> ACTION ITEM: From the entries below, print exactly the span beginning with the line holding "图片标题: 漂亮的小女孩站在花海里绘画" and ending with the line holding "广州数控、广州里工实业、慧闻", endpoints included, and skip any pictures.

> DATASET ENTRIES:
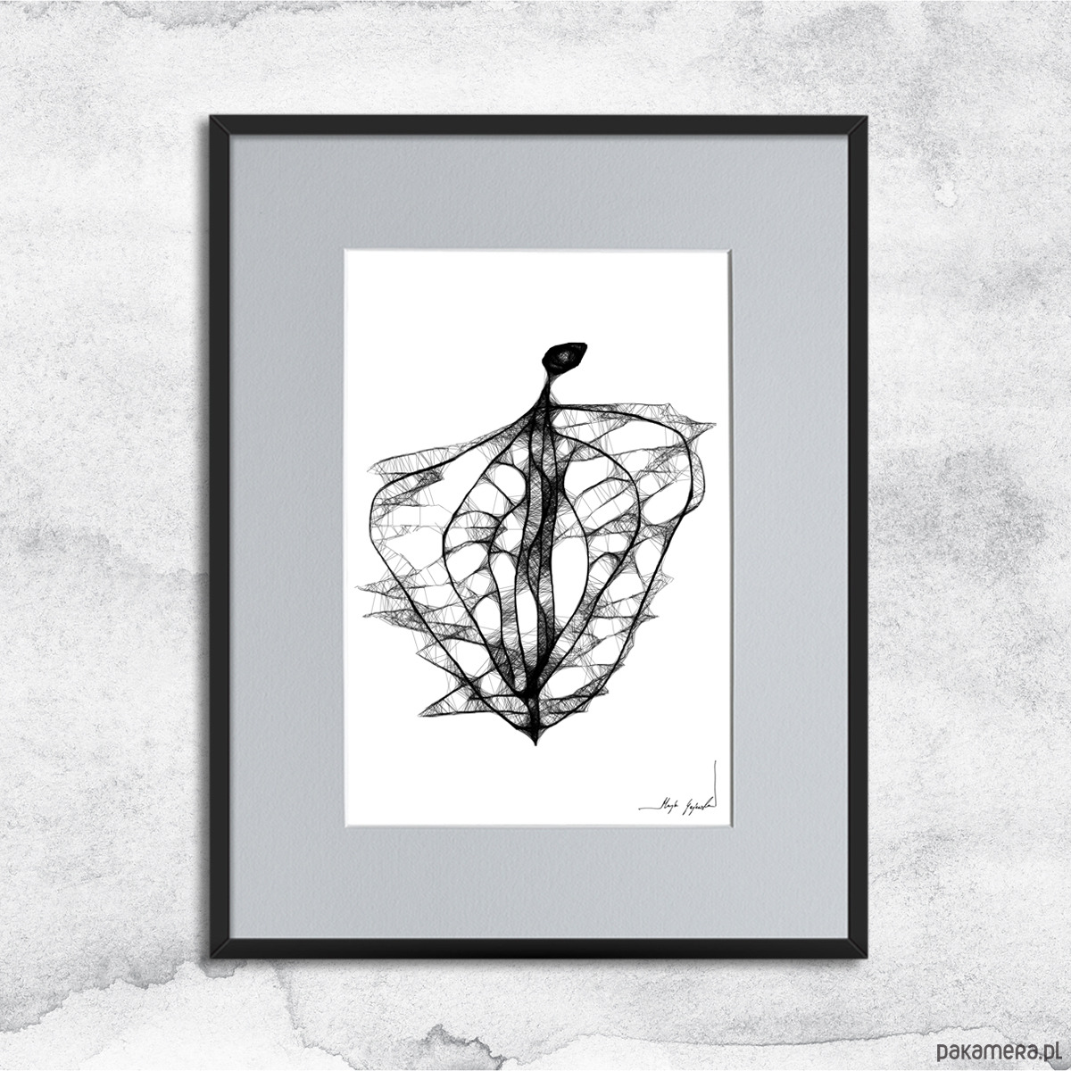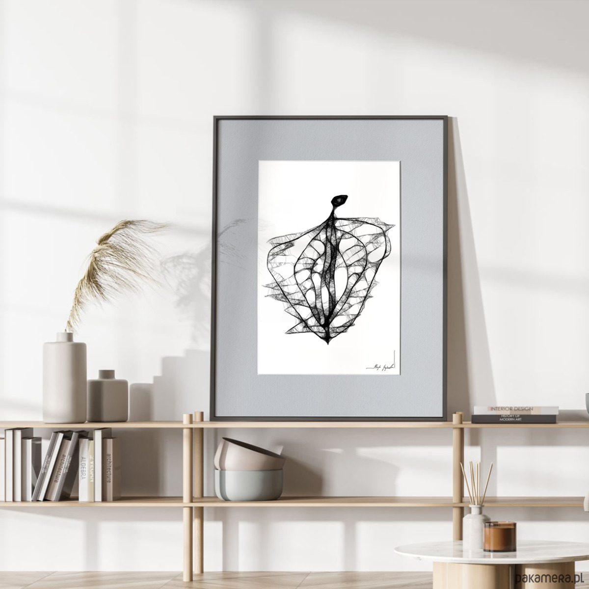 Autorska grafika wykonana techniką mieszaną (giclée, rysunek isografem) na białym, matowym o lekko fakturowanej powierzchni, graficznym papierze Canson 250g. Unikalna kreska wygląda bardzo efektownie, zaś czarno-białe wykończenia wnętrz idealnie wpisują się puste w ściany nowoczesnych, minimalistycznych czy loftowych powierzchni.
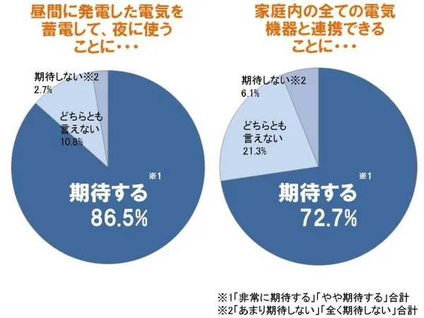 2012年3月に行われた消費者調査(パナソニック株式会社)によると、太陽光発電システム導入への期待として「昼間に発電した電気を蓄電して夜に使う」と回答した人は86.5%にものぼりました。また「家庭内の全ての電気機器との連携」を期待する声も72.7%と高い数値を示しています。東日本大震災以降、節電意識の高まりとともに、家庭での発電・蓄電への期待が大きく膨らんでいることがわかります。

--

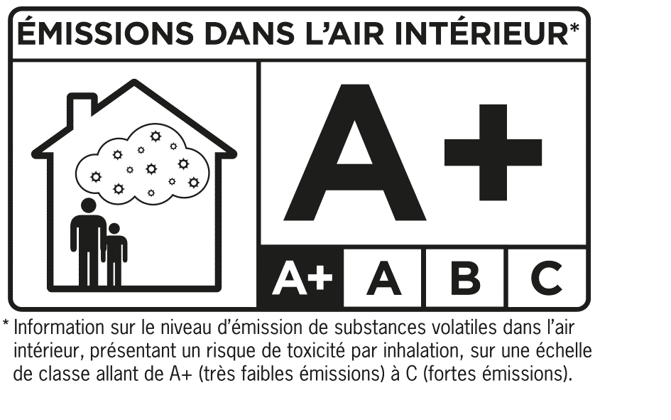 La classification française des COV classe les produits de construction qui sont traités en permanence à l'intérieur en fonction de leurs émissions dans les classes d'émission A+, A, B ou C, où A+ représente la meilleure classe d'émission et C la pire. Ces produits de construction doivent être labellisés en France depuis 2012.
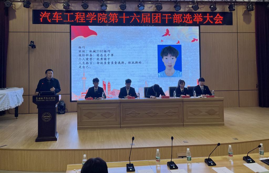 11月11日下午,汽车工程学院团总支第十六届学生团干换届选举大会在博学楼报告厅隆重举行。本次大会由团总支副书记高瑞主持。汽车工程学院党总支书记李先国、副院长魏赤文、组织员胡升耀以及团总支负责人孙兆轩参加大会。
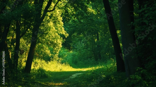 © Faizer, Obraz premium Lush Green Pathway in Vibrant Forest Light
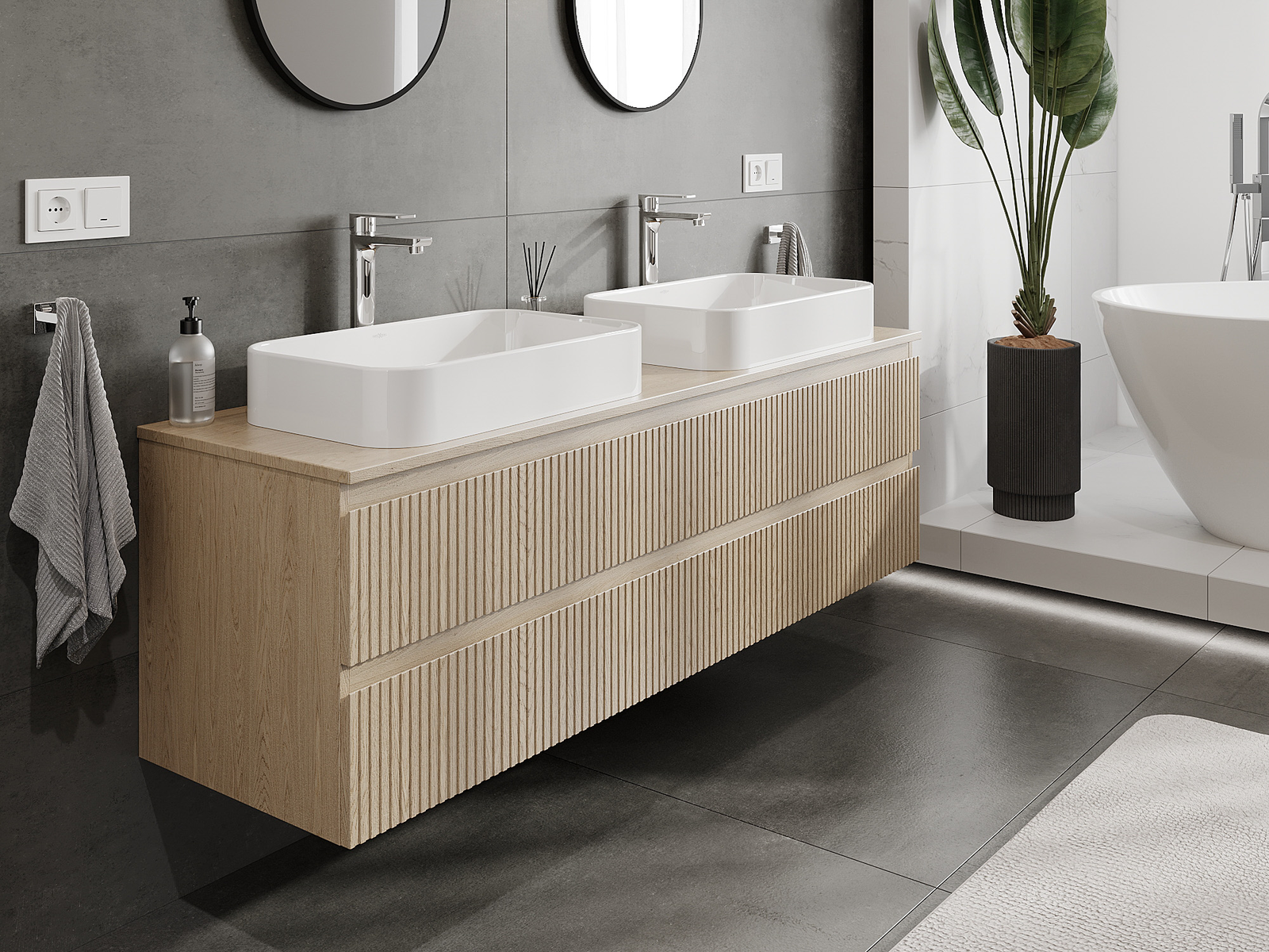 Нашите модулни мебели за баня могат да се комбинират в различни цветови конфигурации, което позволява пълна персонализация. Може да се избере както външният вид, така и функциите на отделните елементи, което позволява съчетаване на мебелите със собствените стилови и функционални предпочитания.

---

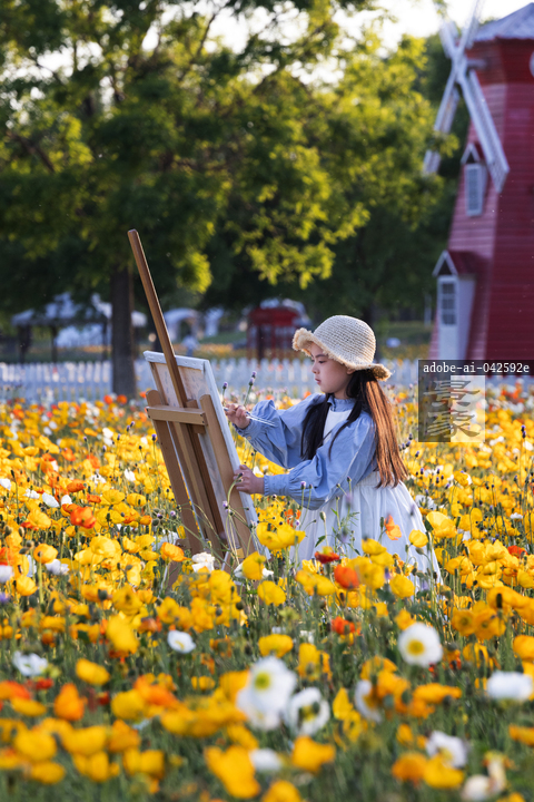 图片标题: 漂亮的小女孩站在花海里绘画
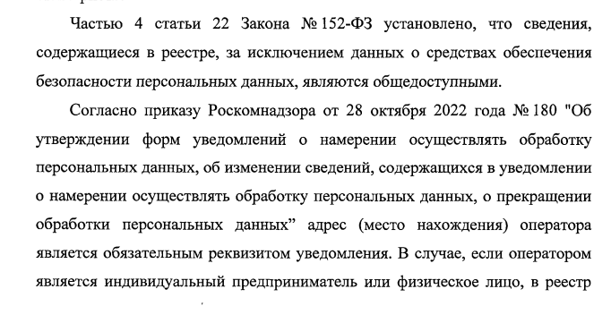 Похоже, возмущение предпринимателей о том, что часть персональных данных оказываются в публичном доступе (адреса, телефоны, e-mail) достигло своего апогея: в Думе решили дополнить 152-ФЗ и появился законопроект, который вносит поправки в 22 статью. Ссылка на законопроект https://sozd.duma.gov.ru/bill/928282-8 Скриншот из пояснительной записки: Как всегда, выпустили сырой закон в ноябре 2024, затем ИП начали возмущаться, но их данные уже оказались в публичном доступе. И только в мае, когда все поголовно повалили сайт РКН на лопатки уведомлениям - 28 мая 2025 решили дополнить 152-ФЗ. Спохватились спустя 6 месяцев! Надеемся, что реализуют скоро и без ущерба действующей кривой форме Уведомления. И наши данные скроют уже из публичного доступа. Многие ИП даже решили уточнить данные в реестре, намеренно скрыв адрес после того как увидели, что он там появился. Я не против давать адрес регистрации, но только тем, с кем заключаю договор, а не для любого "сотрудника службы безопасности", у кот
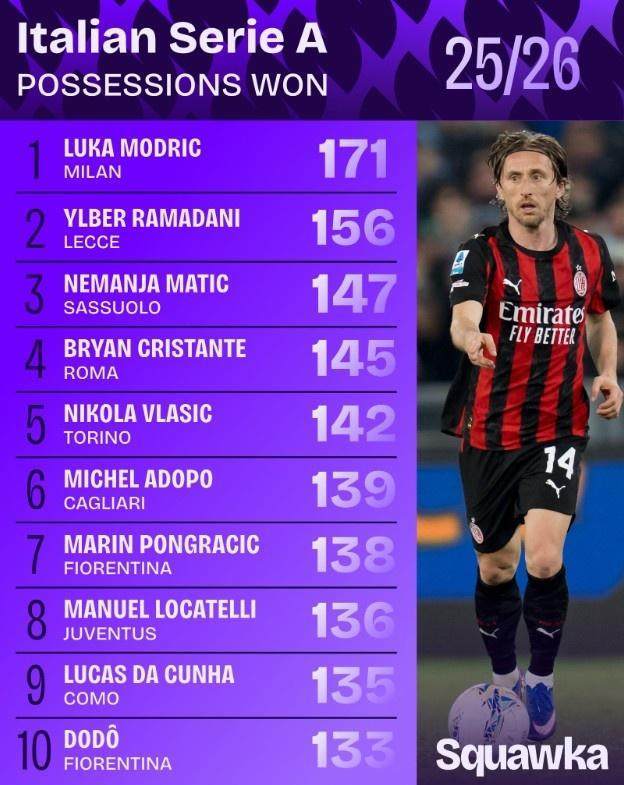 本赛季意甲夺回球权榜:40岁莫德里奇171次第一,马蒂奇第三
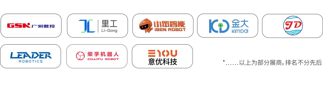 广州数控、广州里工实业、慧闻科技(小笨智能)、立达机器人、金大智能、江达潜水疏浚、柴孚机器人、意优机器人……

> TASK RESPONSE:
 图片标题: 漂亮的小女孩站在花海里绘画
 Похоже, возмущение предпринимателей о том, что часть персональных данных оказываются в публичном доступе (адреса, телефоны, e-mail) достигло своего апогея: в Думе решили дополнить 152-ФЗ и появился законопроект, который вносит поправки в 22 статью. Ссылка на законопроект https://sozd.duma.gov.ru/bill/928282-8 Скриншот из пояснительной записки: Как всегда, выпустили сырой закон в ноябре 2024, затем ИП начали возмущаться, но их данные уже оказались в публичном доступе. И только в мае, когда все поголовно повалили сайт РКН на лопатки уведомлениям - 28 мая 2025 решили дополнить 152-ФЗ. Спохватились спустя 6 месяцев! Надеемся, что реализуют скоро и без ущерба действующей кривой форме Уведомления. И наши данные скроют уже из публичного доступа. Многие ИП даже решили уточнить данные в реестре, намеренно скрыв адрес после того как увидели, что он там появился. Я не против давать адрес регистрации, но только тем, с кем заключаю договор, а не для любого "сотрудника службы безопасности", у кот
 本赛季意甲夺回球权榜:40岁莫德里奇171次第一,马蒂奇第三
 广州数控、广州里工实业、慧闻科技(小笨智能)、立达机器人、金大智能、江达潜水疏浚、柴孚机器人、意优机器人……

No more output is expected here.